## WORK ITEM
Copy out lines with the word "Cristina" from the material that follows.

## EXCERPTED DATA
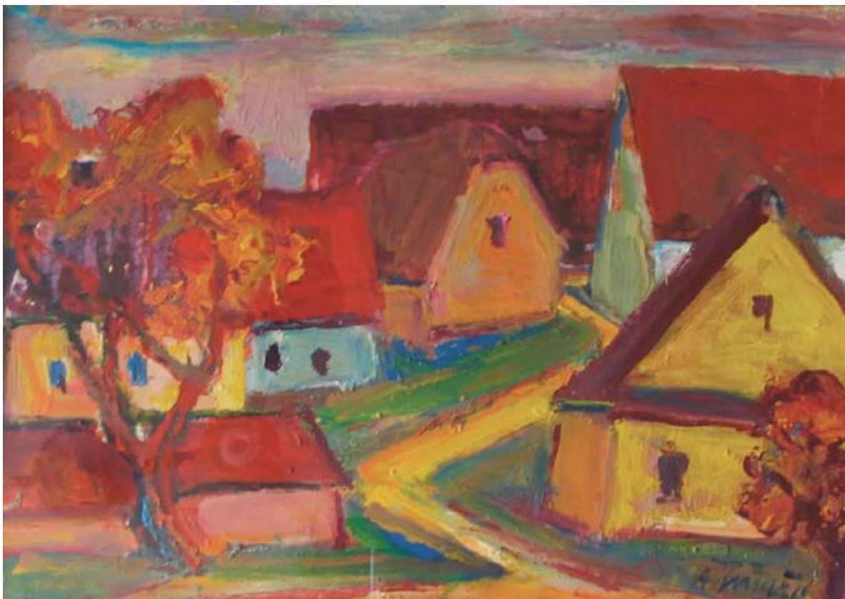
■ Teplá jeseň na Záluží, 2000, olej, 25 x 50
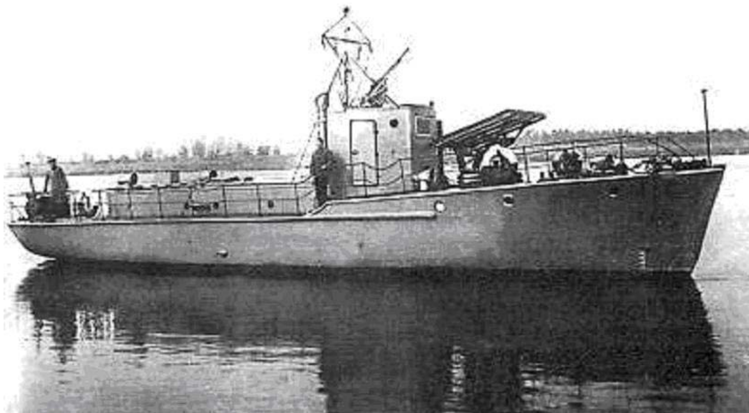
Катер типа Я-6
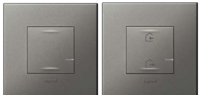
Smarter Lichtschalter und Szenenschalter von Legrand.
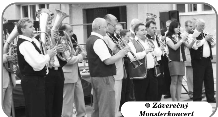
● Záverečný Monsterkoncert
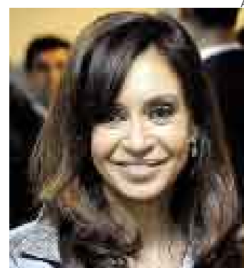
APLAUDE. Cristina Fernández, presidenta de Argentina.

En Buenos Aires, la presidenta Cristina Fernández, envió sus saludos a Ingrid y a su madre. Yolanda Pulecio. “Es una victoria de la vida
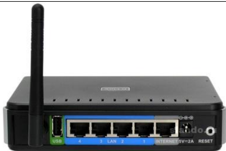
Рис. 10. Беспроводной маршрутизатор

длину кабеля, количество подключенных устройств или количество повторителей на сетевой сегмент.
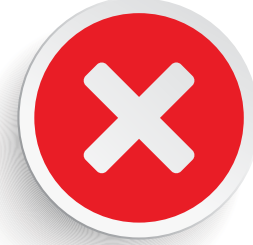
پیٹ کے بل سونا
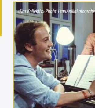
»Das Kollektiv«

Anreise, Touristinformation PKW: A 19, Abfahrt Wittstock, A 24, Abfahrt Heiligengrabe/Pritzwalk Bahn: RE 6 ab Berlin Spandau Tourismsinformation Wittstock T: 03394-433442 www.wittstocker-land.de
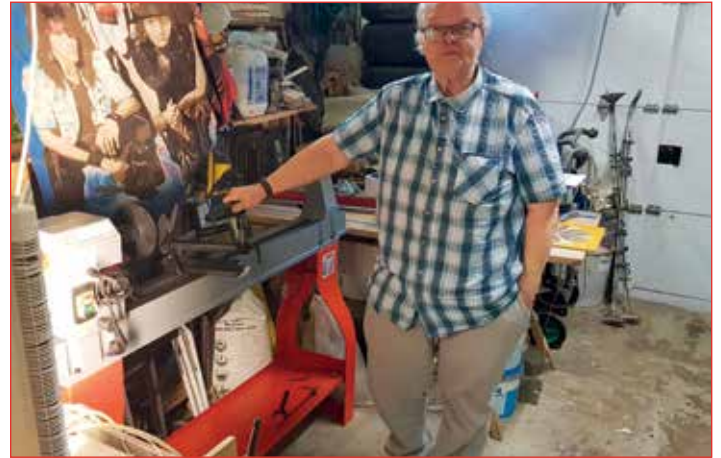
Nýi rennibekkurinn kominn upp

Þó svo að maður sé lunkinn í ýmsu þá má segja að það vanti töluvert uppá í sambandi við yfirborðsmeðferðina og ýmsu fleira eins og ég hef kynnst hjá ykkur snillingunum í trérennifélaginu á fundunum. Framanaf voru verkefnið lituð, lökkuð eða máluð.
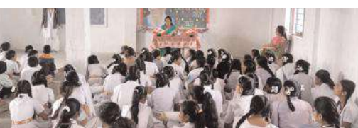
పెనుమూరు తిరుమల అదర్ విద్యా భవన్ పాఠశాలలో గణిత దినోత్సవ వేడుక నిర్వహిస్తున్న విద్యార్థులు

గణితశాస్త్రంతోనే సాంకేతిక రంగాలలో విస్తృత మార్పులు
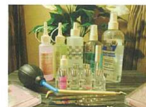
↑パーマ液など材料はすべて日本製。最新のシリコン・ロットの使用法も伝授。 →講師は指導資格をもつ同店の岩崎さん。「誰かをきれいに করতে 素敵な仕事。お友達と一緒にトライしませんか」。

※日本語による指導、各クラス定員4名まで。 ※4月開講は上記2クラスのみ、2回目以降の日程および5月以降の開講についてはお問い合わせください。
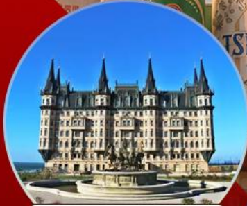
คฤหาสน์เวินเจียง

## ANSWER SECTION
APLAUDE. Cristina Fernández, presidenta de Argentina.
En Buenos Aires, la presidenta Cristina Fernández, envió sus saludos a Ingrid y a su madre. Yolanda Pulecio. “Es una victoria de la vida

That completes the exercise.